> **TO DO**: In the entries that follow, how many lines hold the string "Otobüs"? Give only that number.

┌────────

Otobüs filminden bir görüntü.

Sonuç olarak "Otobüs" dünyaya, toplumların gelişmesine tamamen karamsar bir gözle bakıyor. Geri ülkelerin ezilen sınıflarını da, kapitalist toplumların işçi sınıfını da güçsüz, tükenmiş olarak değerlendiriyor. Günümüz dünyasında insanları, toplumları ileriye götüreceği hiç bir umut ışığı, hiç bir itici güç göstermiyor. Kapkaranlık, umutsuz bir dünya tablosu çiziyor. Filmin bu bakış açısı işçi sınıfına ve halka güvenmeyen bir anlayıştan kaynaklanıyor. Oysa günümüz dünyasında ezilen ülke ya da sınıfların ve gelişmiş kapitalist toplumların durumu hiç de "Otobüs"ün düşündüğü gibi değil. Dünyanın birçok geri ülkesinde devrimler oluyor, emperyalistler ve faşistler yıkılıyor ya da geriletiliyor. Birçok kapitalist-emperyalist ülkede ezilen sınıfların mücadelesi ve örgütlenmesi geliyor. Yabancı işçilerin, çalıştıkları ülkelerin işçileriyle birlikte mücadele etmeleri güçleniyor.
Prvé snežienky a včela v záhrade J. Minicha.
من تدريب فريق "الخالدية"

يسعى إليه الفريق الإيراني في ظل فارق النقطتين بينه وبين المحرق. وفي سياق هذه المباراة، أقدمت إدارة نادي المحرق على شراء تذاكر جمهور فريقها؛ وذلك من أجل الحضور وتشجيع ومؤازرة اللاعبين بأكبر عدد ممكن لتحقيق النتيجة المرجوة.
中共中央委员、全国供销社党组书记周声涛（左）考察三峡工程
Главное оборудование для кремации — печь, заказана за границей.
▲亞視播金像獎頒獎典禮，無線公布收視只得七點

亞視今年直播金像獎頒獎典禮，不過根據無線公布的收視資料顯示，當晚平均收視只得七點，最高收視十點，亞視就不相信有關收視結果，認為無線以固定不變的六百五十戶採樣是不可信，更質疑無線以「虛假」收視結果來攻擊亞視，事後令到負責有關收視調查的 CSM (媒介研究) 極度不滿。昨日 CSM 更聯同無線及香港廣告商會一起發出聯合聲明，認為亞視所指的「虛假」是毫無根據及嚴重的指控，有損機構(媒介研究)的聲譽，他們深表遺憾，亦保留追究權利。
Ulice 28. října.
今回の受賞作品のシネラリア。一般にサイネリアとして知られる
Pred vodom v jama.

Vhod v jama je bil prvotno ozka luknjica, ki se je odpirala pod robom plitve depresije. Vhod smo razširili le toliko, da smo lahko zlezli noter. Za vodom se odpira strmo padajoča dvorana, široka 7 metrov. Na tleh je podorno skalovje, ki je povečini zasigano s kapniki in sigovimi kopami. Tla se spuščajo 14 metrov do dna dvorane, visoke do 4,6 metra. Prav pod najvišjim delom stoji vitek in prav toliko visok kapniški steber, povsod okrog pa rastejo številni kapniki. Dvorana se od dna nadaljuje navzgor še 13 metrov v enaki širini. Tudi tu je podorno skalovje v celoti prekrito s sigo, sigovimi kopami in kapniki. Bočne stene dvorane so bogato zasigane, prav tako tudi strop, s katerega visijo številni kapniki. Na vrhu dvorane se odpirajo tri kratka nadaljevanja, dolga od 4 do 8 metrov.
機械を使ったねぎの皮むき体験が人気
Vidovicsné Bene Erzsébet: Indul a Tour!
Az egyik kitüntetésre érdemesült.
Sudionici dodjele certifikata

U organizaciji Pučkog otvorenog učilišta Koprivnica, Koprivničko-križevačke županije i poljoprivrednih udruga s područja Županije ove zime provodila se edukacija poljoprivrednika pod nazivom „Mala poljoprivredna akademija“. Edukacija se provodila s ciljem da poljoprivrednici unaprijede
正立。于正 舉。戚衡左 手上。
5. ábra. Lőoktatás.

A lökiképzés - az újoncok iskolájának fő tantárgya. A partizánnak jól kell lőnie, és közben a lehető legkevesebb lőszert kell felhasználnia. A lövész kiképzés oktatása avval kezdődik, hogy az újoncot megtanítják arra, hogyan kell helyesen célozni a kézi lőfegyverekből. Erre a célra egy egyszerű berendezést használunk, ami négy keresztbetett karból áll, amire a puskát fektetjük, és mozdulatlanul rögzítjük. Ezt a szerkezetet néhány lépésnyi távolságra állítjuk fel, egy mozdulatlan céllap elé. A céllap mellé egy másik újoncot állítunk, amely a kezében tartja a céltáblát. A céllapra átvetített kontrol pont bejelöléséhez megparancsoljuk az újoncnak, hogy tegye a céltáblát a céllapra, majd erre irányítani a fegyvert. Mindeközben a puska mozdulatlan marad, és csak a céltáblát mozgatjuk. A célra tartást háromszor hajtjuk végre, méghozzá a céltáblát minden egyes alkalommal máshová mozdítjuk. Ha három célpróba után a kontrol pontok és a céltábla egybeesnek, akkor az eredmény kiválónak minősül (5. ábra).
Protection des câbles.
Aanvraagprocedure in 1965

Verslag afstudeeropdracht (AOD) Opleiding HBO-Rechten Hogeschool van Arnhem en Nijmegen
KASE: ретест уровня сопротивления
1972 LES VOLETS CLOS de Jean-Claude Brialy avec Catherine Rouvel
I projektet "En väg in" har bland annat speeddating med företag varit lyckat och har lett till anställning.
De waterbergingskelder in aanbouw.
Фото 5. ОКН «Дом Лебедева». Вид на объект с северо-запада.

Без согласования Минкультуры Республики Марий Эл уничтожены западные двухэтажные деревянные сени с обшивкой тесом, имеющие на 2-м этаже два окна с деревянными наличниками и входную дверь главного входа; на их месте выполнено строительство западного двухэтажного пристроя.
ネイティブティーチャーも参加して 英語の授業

└────────

> **ANSWER AREA**: 2